I wish I had my Bristol 35 under my ass right now. It''s sitting in a yard in Maine while I sit here and watch the moon rise over Jost Van Dyke. Ah well. A landing pad in Maine, anyway. What year is the Bristol you are looking at? Mine''s a yawl, the one you''re looking at is likely a sloop. Water infiltration into the balsa cored decks can be a problem. Walk around in stocking feet and bounce a little here and there, including on the cabin top. You''ll see sponginess or hear little crackling sounds. It''s fixable. Hull is solid glass, probably an inch thick or better on the bottom of the ballast. 3/4 inch at the turn of the bilge. Lessee- mast step problems can be fixed-check the blocking under the compression post in the main cabin and see if the passageway door closes cleanly. It can be shimmed up if necessary. All deck hardware should be rebedded right off the bat. Through hulls punched and groco stainless ballcocks installed at about 50 bucks each (thats 7 through hulls, I believe). The old Wilcox Crittenden units get all munged up and, while they work, they stick. I left them in the cockpit scupper drains, which never get closed, and the head sink, which can be a beast to close. Ask questions. I rebuilt the whole boat, the Volvo Diesel, redid everything belowdecks, etc. Sails nice, CCA racer-cruiser, 6.53K hull speed, good positive righting moment. Perfect coastal cruiser, needs cockpit filler boxes to reduce cockpit volume offshore. No big pucker with bolt-in - unbolt to remove storage boxes & helm seat. Everything straightforward enough to figure out and fix. Full keel is forgiving, a little tender in the first gust, but you''ll find it difficult to keep the rail wet. Ask questions, I''ll answer. Is the one you''re looking at a centerboarder? Mine ain''t. I have hull #11. It''s a 1972 Alden Yawl. I miss her. V.I. Exile


----------



## TSOJOURNER (Dec 16, 1999)

A lot depends on where you are going to use this boat. They don''t have a lot of sail area so unless a breeze comes up you are going to motor.

It''s also a obsolete design and a old boat.

But 35'' boats are big enough. 

Not my cup of tea. 

Keep looking.


----------



## VIEXILE (Jan 10, 2001)

O.K., I guess this guy is suggesting you buy a Hunter. Or maybe better, a MacGregor 26, because dollar for dollar you won''t get as much quality in comparison, hence, the rationale for buying the older boat. I wonder how much time he''s spent sailing more than a half mile offshore, inasmuch as the hull speed of the Bristol 35 is 6.53 knots and the Alden Design qualified the boat as a CCA Racer? She''s no J-24 or Melges, but those are totally different categories of boat. And no, I''ve never had to run the engine when other boats were still sailing. Pop the drifter or spinnaker and she moves right along nicely. However, she doesn''t tend to turtle quite as well as the boats this guy seems to like so much in gusts, and, yes, I''ve sailed both......


----------



## TSOJOURNER (Dec 16, 1999)

I bet the Bristol 35 will go faster than 6.35 K. Long overhangs that boats like that have make the sailing length longer than the waterline.
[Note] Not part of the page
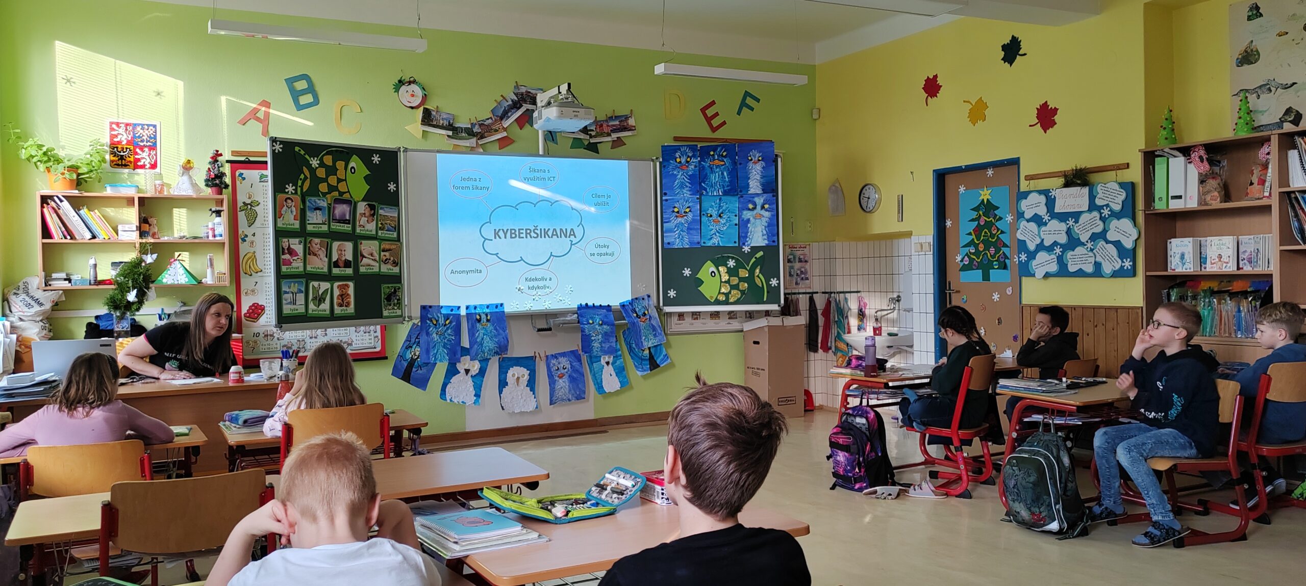 Ve 4. a 5. třídě se uskutečnil preventivní program s příslušníkem Policie ČR zaměřený na velmi aktuální téma kyberšikany. Cílem programu bylo upozornit žáky na rizika, která mohou v online prostředí vznikat. Také jim ukázat, jak se v podobných situacích správně zachovat. Policista žákům vysvětlil, co kyberšikana je, jaké může mít následky, kam se mohou obrátit o pomoc a jak sami mohou být nápomocní.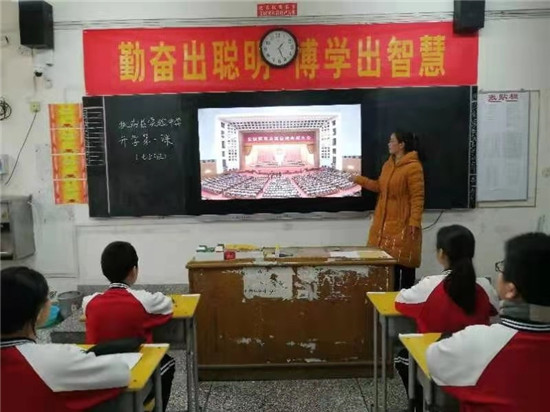 “在浙江省嘉興市有一處美麗的風景——南湖,不僅以秀麗的煙雨風光享有盛名,而且還因中國共產(chǎn)黨第一次全國代表大會在這里勝利閉幕而備受世人矚目……”3月1日上午8時30分,記者在扶溝縣回族小學看到,學校全體師生正在同一時間觀看“開學第一課”。

There must be some application for the Bristol line but I don''t like any of the smaller ones that I have seen.

My boat is old too but for coastal crusing it just has to be a better sailor than the Bristol 35.

The catalog that I have shows the C&C 35-1 and the Bristol 35 next to each other. The C&C has a IOR MK 111 rating of 29.0'' There is no rating for the Bristol! 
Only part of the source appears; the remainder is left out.